In both cases, if the input files provide quality information about the reads, BioSeqZip returns the collapsed sequences with a quality score, that is computed as the average consensus quality of the corresponding collapsed reads. On top of that, BioSeqZip allows to choose the format of the collapsed file (either Fastq, Fasta, Tagq or Tagsee Supplementary Text S1 for the file format description). By doing so, the user can choose whether to maintain the quality information (and hence, bear the corresponding computational costs) or not, with a pay-for-what-you-use philosophy.

Besides the read collapsing functionality, BioSeqZip implements also a re-expanding functionality, that is able to recover the original occurrences of each sequence to update, with the number of read occurrences, the alignment files generated by mapping algorithms.

The functionalities of BioSeqZip are implemented into two main modules: a Collapser for compacting the redundant reads and an Expander for restoring aligned and compacted files. The modules were developed in C++ leveraging several packages of the SeqAn C++ bioinformatics library (Doring et al., 2008; Reinert et al., 2017). Most of our design choices were explicitly made to optimize the memory consumption and the computational performance on systems equipped with medium hardware resources. In the following, we describe the main design aspects, functionality and supported file formats of the Collapser and the Expander modules.

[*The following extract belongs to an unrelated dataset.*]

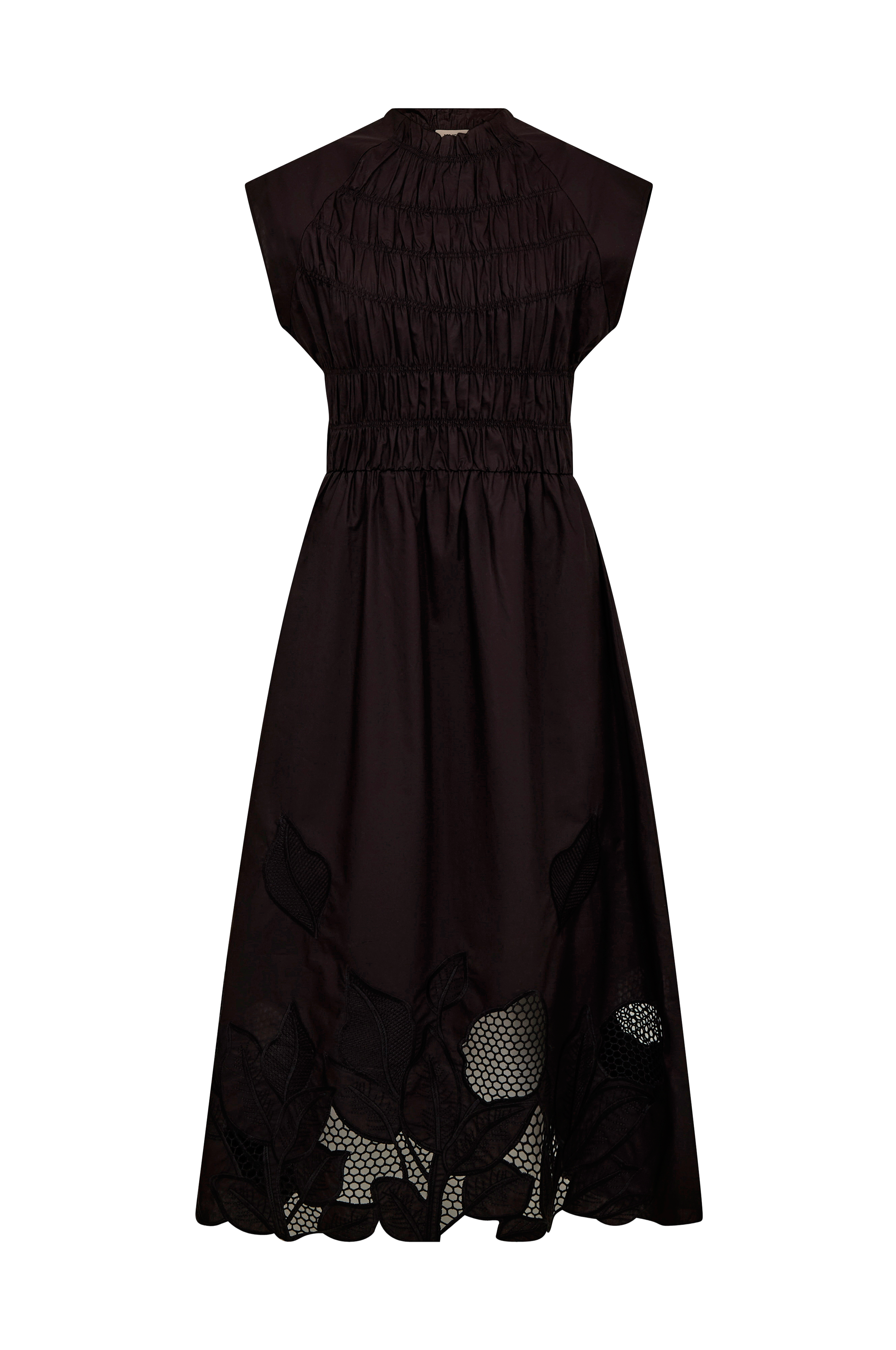 • Lang kjole i bomull• Volangkrage• Korte ermer• Vaffelsøm på toppen• Sidelommer• Hullbroderi på bunnen• Bølget hem• Lengde: 130 cm i størrelse S

### 2.1 BioSeqZip_Collapser module

Collapsing the reads is a powerful strategy to reduce the computational time and complexity of the alignment steps of an RNA-Seq or DNA-Seq analysis pipeline. Indeed, in files with billion of reads, the same sequence will likely be analyzed multiple times. The collapser module collapses and counts the occurrence of redundant reads, that are detected based on their identical sequence. This new reduced collection of non-redundant sequences can be stored in a much smaller file and used for optimized alignment analysis. BioSeqZip_Collapser accepts as input Fasta, Fastq or SAM file formats and generates compact output with four different file formats: Fasta, Fastq, Tag and Tagq (Supplementary Text S1.1).

All the input/output file formats can be optionally provided in compressed form (gzip).

The most straightforward approach to collapsing reads is the one implemented by the fastx_collapser routine offered in FASTX-Toolkit (Giardine et al., 2005). This solution requires to first load all the reads into the main memory, then to sort them, and finally to collapse them into unique tags, while counting and storing occurrence of the redundant reads. However, this approach is hugely memory-intensive, as it requires to load in memory the entire file that is typically in the order of tens of GBs.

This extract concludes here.